Pero si de inspirar se trataba, parecía como si algo se le hubiera escapado desde su primeros y primarios pasos  directivos. Para inspirar, ni siquiera se mostraba necesario desempeñar un cargo de responsabilidad. ¡Cuántas veces vino a su memoria la forma de emplearse de una persona que de él dependía y que marcó un antes y un después en su vida no solamente laboral! Le inspiró desde una posición  de menor responsabilidad. ¡Nadie sabía cuánto! La persona de naturaleza ejemplar no se mostraba necesitada de responsabilidades formales.

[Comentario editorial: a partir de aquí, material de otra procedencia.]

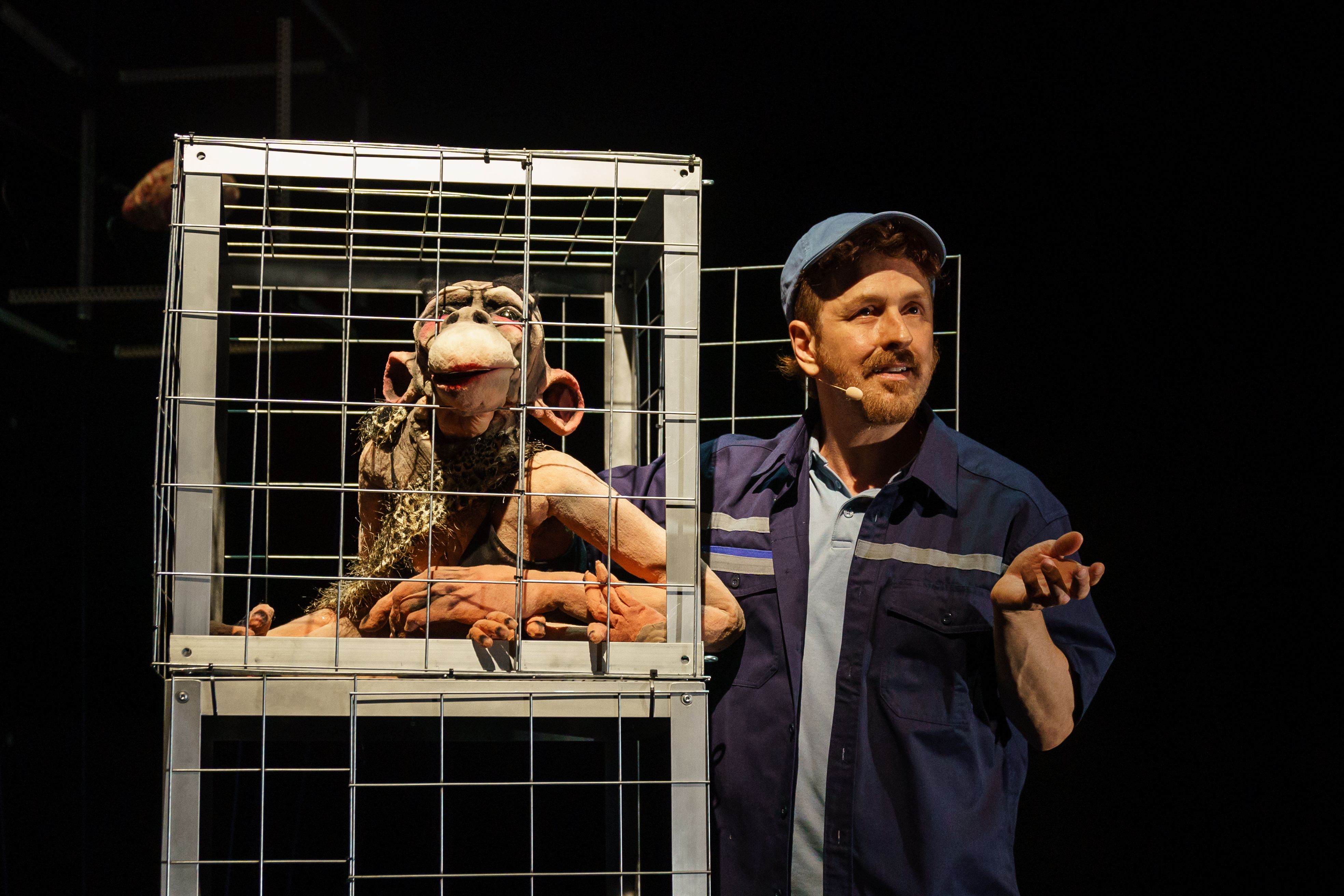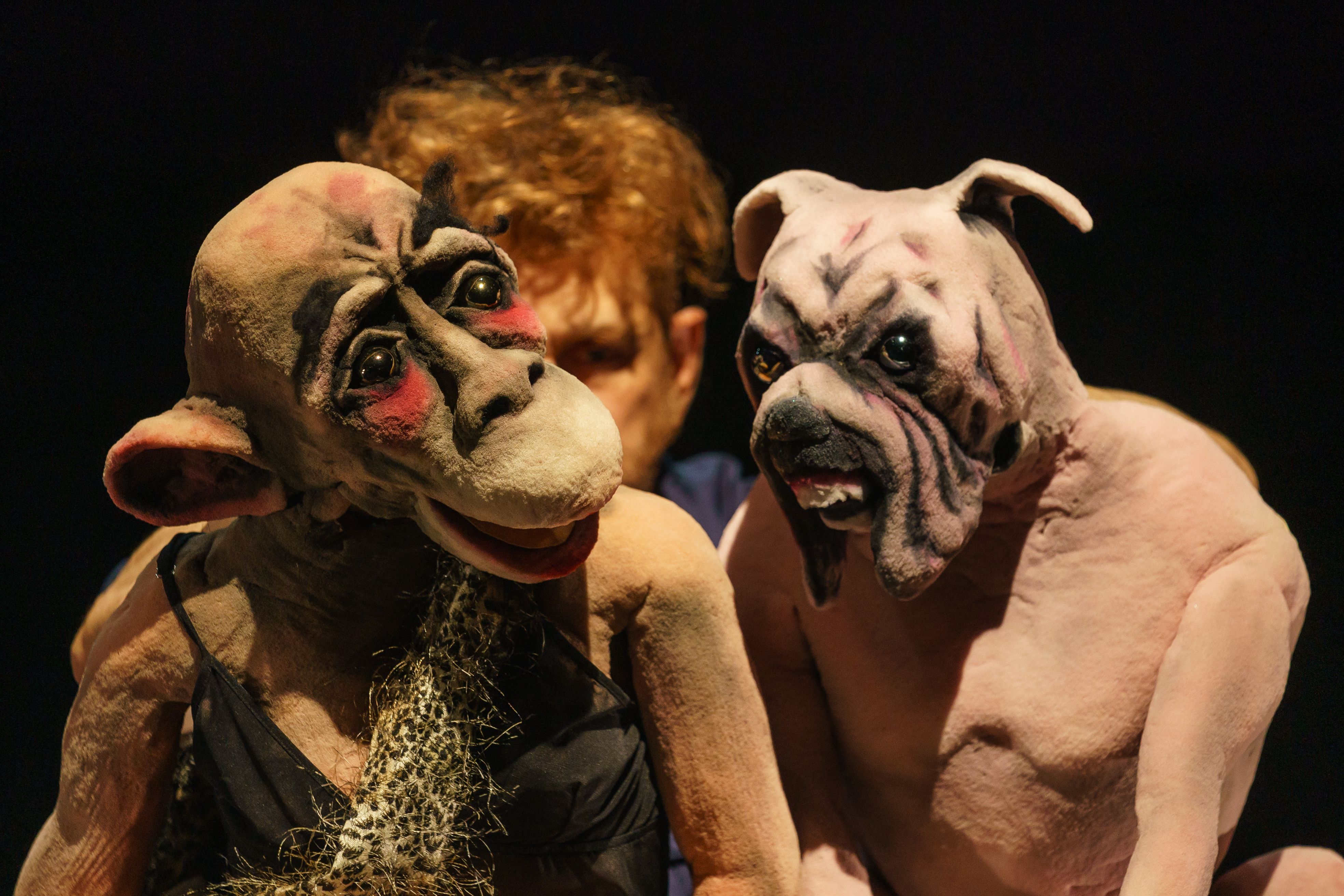 Bruce Marie is an experimental production by Duda Paiva Company in 2021. It takes a sarcastic and humorous approach to explore concepts, possibilities, and consequences of “transhumanism”.Humans hope to elevate their spirits, physical strength, capabilities, and talent with technologies, in order to over unwanted or unnecessary physical conditions. Muffin the monkey was implanted chips in a painful process. After the lab cleaner Bruce accidentally intrudes, though, the status quo is disrupted.

Sus axiomas, y apriorismos, se tambaleaban y  perdían fuerza. Si inspirar no necesitaba de ninguna posición directiva; si inspirar se mostraba ajeno a la formal jefatura,  el único camino que se le antojaba viable era el de la ejemplaridad. Obrar sobre sí mismo para impactar sobre los demás. Y lo que se inició como un viaje al exterior (qué debo hacer con los demás) se transformó en un viaje a su interior (cómo me debo emplear para mostrarme ejemplar). Llegado a este punto, la perplejidad se mostró en toda su crudeza. El arte de dirigir, mutando,  se le presentaba  como el arte de dirigirse. Sin él, todo lo demás se le antojaba como de escaso y  pobre contenido.

De dentro afuera, lo había oído y leído tantas y tantas veces y, curiosamente, ahora, después de tan largo viaje introspectivo, se le ofrecía como el más firme argumento de dirección que se pudiera citar. El ejemplo como la manifestación más sutil de influencia sobre los demás. Pocas veces desde la imposición (alguna vez es necesario), y siempre desde la nobleza de quien se muestra merecedor de todos nuestros respetos.

Resuelta su incómoda zozobra e inquietud, se adentró en la elaboración de su propio manual de estilo. Llevaba por título: El arte de dirigirse para inspirar a los demás.

El camino seguía, pero se presentaba menos angosto.

A todos aquellos que hacen del ejemplo su principal herramienta directiva.

Publicado el 27/2/2015 en El Confidencial Digital.